In a statement issued by RIM Feb. 12, the company stressed that only e-mail was affected by the outage and no voice or SMS services were disrupted.

“No messages were lost and message queues began to be cleared after normal service levels were restored,” the statement said.

While the statement said the company was continuing to investigate the cause of the outage,RIM Co-CEO Jim Balsillie told reporters at the Mobile World Congress in Barcelona that the outage was likely caused by a service upgrade.

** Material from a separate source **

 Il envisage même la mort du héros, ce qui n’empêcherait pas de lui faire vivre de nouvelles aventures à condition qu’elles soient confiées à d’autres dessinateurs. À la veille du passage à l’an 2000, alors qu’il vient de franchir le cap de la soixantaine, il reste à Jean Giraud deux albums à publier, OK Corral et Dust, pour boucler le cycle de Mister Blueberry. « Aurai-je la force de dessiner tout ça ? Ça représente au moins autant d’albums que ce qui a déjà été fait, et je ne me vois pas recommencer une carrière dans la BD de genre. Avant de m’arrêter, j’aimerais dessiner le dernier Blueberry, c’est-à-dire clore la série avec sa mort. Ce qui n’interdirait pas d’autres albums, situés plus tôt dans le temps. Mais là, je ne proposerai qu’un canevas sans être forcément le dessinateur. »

Reuters reported that Bryan Simpson, RIM support account manager, sent an e-mail to BlackBerry users late on the afternoon of Feb. 11 about the “critical severity outage.” Simpson said in the e-mail that the outage was affecting all enterprise customers and “users of the Americas network.”

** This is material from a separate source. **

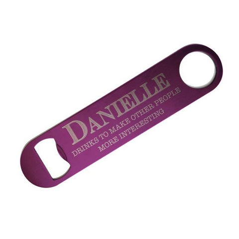 This stainless steel bottle opener is the easy yet effective way to open bottle tops. Personalise with a name of up to 15 characters above the fixed quote 'Drinks To Make Other People More Interesting'. Available in black or pink. Dimensions: W:17cm x H:4cm x D:0.2cm

The outage began at about 3:30 p.m. EST, and service was restored shortly after 6:30 p.m.

“It was pretty focused and isolated, and we recovered well,” Balsillie told Bloomberg News.

Read here about the latest BlackBerry enhancements.

In April 2007, RIM also suffered a large service outage. The company blamed that outage on the failure of a minor software upgrade to a caching subsystem, a subsequent breakdown of the failover system and the overloading of a second system.

“It shouldn’t have happened, and it won’t happen again,” Balsillie told eWEEK after the April outage. “It wasn’t a corruption of any form of the infrastructure, and that’s very important. It shouldn’t have happened, and it won’t happen again.”

Explaining that the problem that caused the April blackout was totally avoidable, Balsillie said the company was broadening, strengthening and “fault tolerating” the system. “It’s a global and public safety imperative,” he said, adding that there was no constraint on budget or resources for this work.